This module contains some helper functions for writing XMPP "XML",
which is not real XML at all ;-( I use XML::Writer and tune it until it
creates "XML" that is accepted by most servers propably (all of the
XMPP servers I tested should work (jabberd14, jabberd2, ejabberd, googletalk).
I hope the semantics of XML::Writer don't change much over the
future, but if they do and you run into problems, please report them!
The whole "XML" concept of XMPP is fundamentally broken
anyway. It's supposed to be an subset of XML. But a subset of XML
productions is not XML. Strictly speaking you need a special XMPP
"XML" parser and writer to be 100% conformant.
On top of that XMPP requires you to parse these partial
"XML" documents. But a partial XML document is not well-formed,
heck, it's not even a XML document!. And a parser should bail out with an
error.

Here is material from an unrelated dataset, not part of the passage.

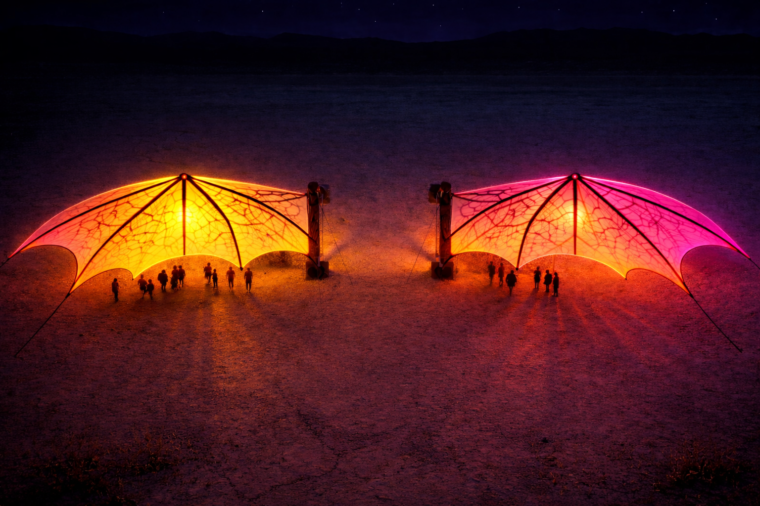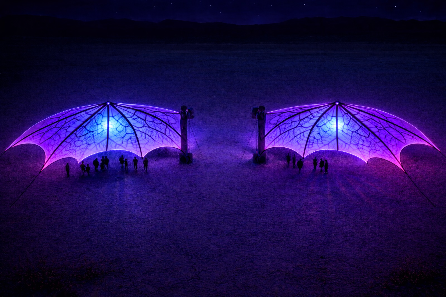 At night, approaching vehicles cause the wings to glow and extend, transforming passage into a living gateway shaped by the memory of trees.
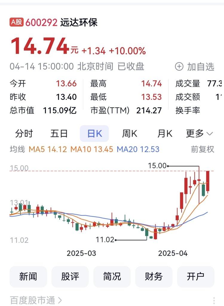 远达环保报收14.74元,日涨幅10.00%(涨停),换手率9.90%,今年以来的涨幅13.47%。

But XMPP doesn't care, it just relies on implementation dependend
behaviour of chunked parsing modes for SAX parsing. This functionality isn't
even specified by the XML recommendation in any way. The recommendation even
says that it's undefined what happens if you process not-well-formed XML
documents.
But I try to be as "XML" XMPP conformant as possible (it
should be around 99-100%). But it's hard to say what XML is conformant, as
the specifications of XMPP "XML" and XML are contradicting. For
example XMPP also says you only have to generated and accept utf-8 encodings
of XML, but the XML recommendation says that each parser has to accept utf-8
and utf-16. So, what do you do? Do you use a XML conformant parser or
do you write your own?
I'm using XML::Parser::Expat because expat knows how to parse
broken (aka 'partial') "XML" documents, as XMPP requires. Another
argument is that if you capture a XMPP conversation to the end, and even if
a '</stream:stream>' tag was captured, you wont have a valid XML
document. The problem is that you have to resent a <stream> tag after
TLS and SASL authentication each! Awww... I'm repeating myself.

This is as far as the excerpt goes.